Today I want to share a key indicator with you and explain how it helps me identify a potential breakout opportunity.
As you know, one of my favorite setups is the consolidation breakout pattern.
Well, this indicator will often help me identify a potential breakout pattern on a higher time frame.
This indicator on its own, or used with others, helps me identify potential trade opportunities and possible support and resistance levels.
I will also often use the 50-day MA as a potential stop-loss area or profit zone.
The indicator could also identify a reversal and shift in momentum.
First things first, let’s cover the basics.
What is the 50-day Moving Average?
A moving average is the mean of data points over a specific period. For example, the 50-day MA will use 50 data points, whereas the 200-day MA will use 200 data points.
The 50-day MA equals the average price per share that all investors have paid over ten trading weeks.

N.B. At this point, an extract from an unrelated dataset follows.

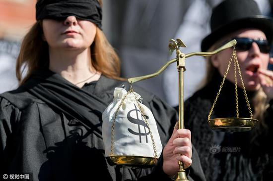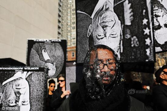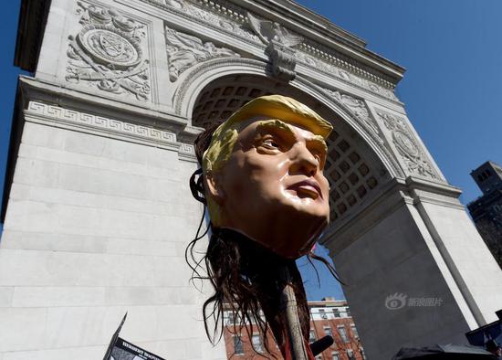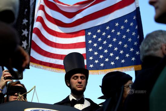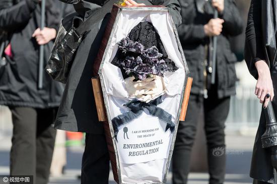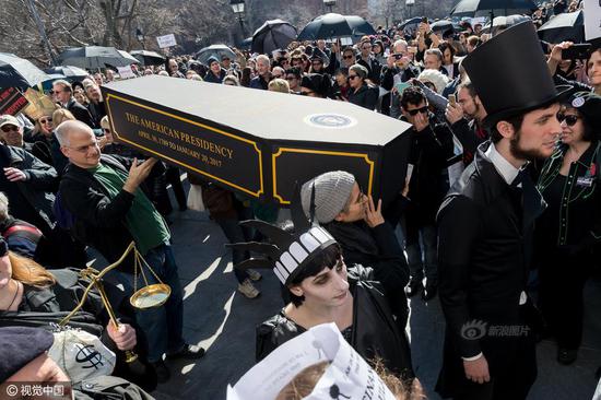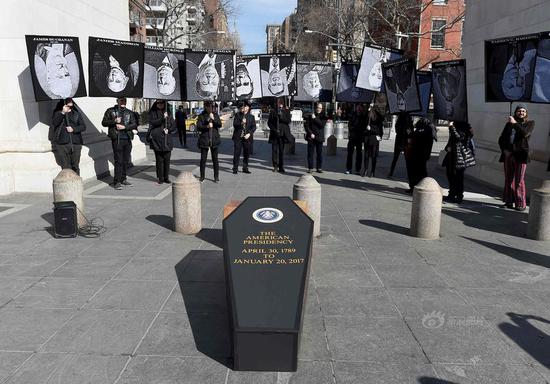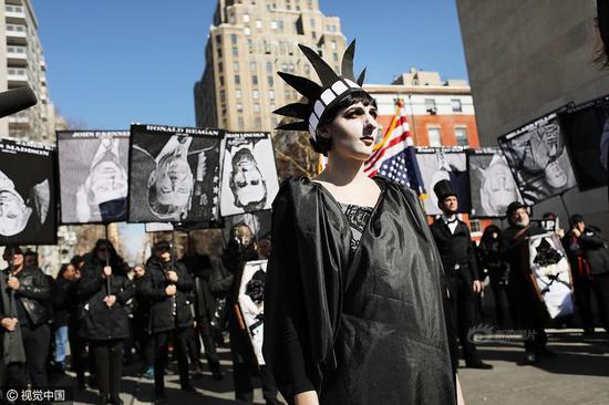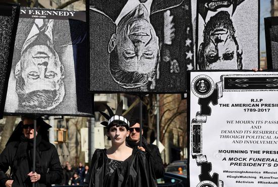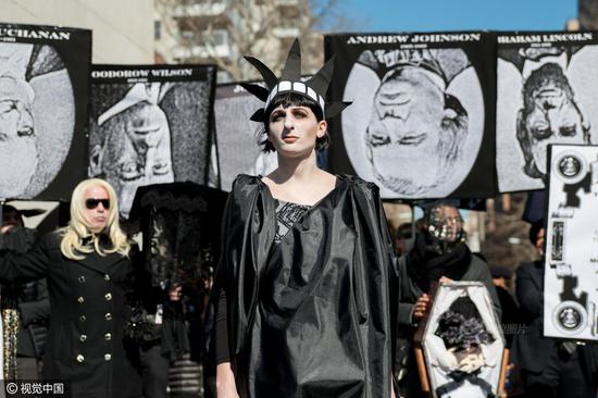 11张2月18日,美国纽约,美国总统日后的周末(总统日:每年二月的第三个星期一),纽约组织“Rise and Resist”和“GAG Is Watching”成员在华盛顿广场公园举行新奥尔良爵士风格葬礼游行活动,哀悼“美国总统之死”,抗议特朗普政策。

On Thursday, I spoke about two specific watch list game plans on the Biotech Breakout Mid-Day Watch List that included the 50-day MA as a condition.
I will revisit these two watch list ideas from Thursday to show you how and why the 50-day MA played a vital role in my plan.
Zomedica (ZOM)
ZOM was included on my watchlist mid-day Thursday, as the stock finally traded above the 50-day MA.
My exact plan was:
“ZOM is finally breaking above the 50-day MA line here at $.54, and I would like to see this HOLD over $.54 if I am going to make a trade on this today. My trade plan is to look for entry near $.55 with a target sell of $.65 to $.70 on the swing with a stop loss around $.52 which is just above yesterday’s closing price.”
ZOM had based below the 50-day MA for several weeks and finally was able to break above and spend time above. This signaled a potential reversal and that a consolidation breakout pattern might be in the works.
In this case, the 50-day MA acted as critical support and the basis for the trade idea and inclusion on the watch list.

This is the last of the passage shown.